Thoughts on How Hams Can Use the Shortwave Broadcast Frequencies


Ed DD5LP sent us some very interesting information about a resurgence of shortwave broadcast activity in Europe.  Thanks Ed. 

Here is a collection of QSL cards sent out last year by some of these new stations.  

Hi Bill,

I'm just listening to the latest podcast and note your returning lovefor AM Broadcast stations and wondered if you also see the trend in the US that we are seeing in Germany?

 I know you have WTWW but that's a commercial SW AM Broadcast radio station, that has always been owned and run by a family of Hams.

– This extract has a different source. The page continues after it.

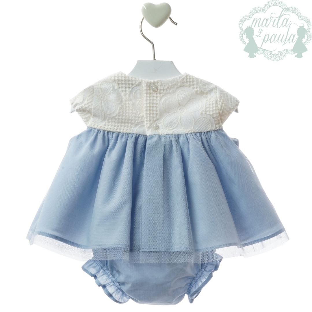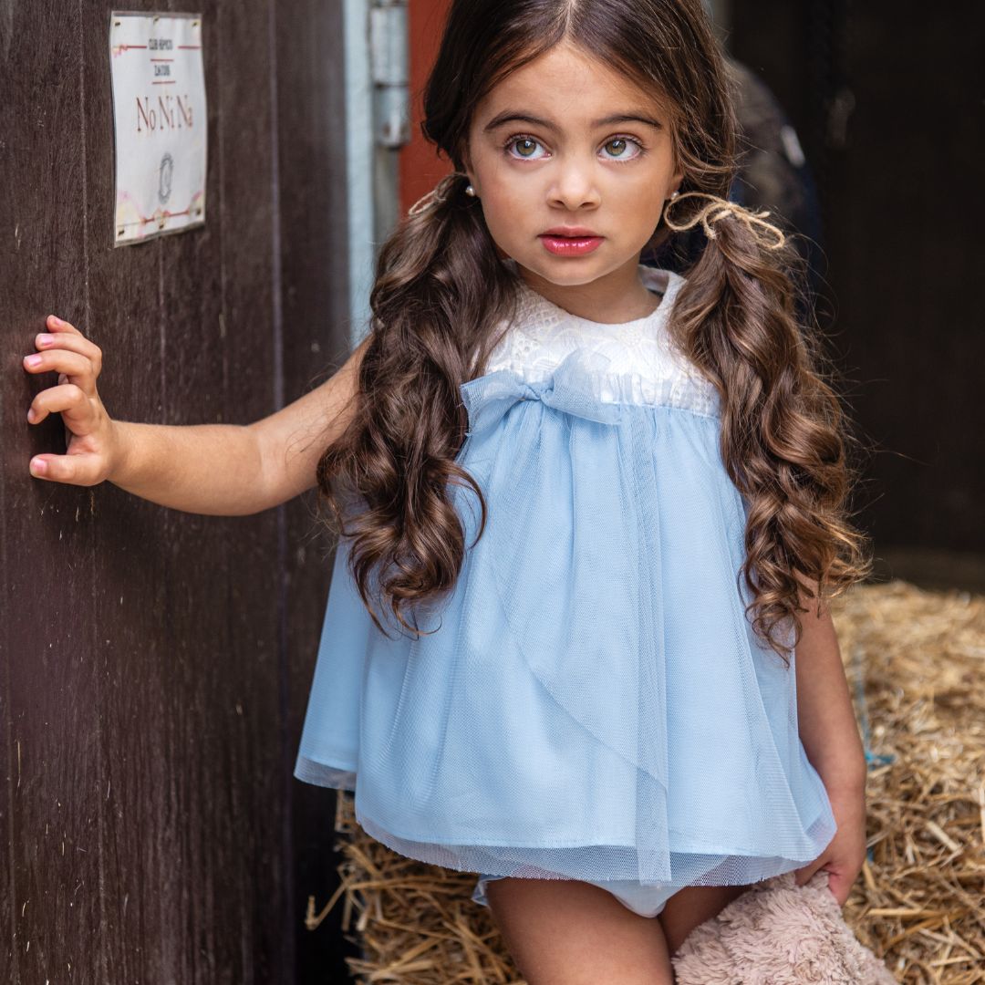 Diseño Bi-materia: Combina un cuerpo superior en encaje calado blanco de alta calidad con una falda de tul suave en azul celeste que aporta un vuelo espectacular.

What we are seeing Germany is that when a commercial broadcaster such as Deutsche Welle closes down their Shortwave Broadcast stations, Amateurs are applying for and getting licences to the freed up frequencies. This started about 5 years ago with channel292 (Channel292.de) on initially 6070 kHz and then later also  on 7440 kHz. This amateur is located near Ingolstadt in Bavaria and runs 10 kW using the driver stage from the old DeutscheWelle 100 kW transmitter on the same frequency. He is partnered with a group in Austria who run a major AM station near Vienna that has two 500 kW transmitters and some fantastic massive antenna systems with 20dB gain across the whole  of the HF spectrum. That Austrian station is still owned by the Austrian government in case they need a broadcast station to transmit around the world at any time. It's kept "idling" at 100 kW in the meantime and like Channel 292 includes the German language "DARC Radio" amateur radio program in what it transmits.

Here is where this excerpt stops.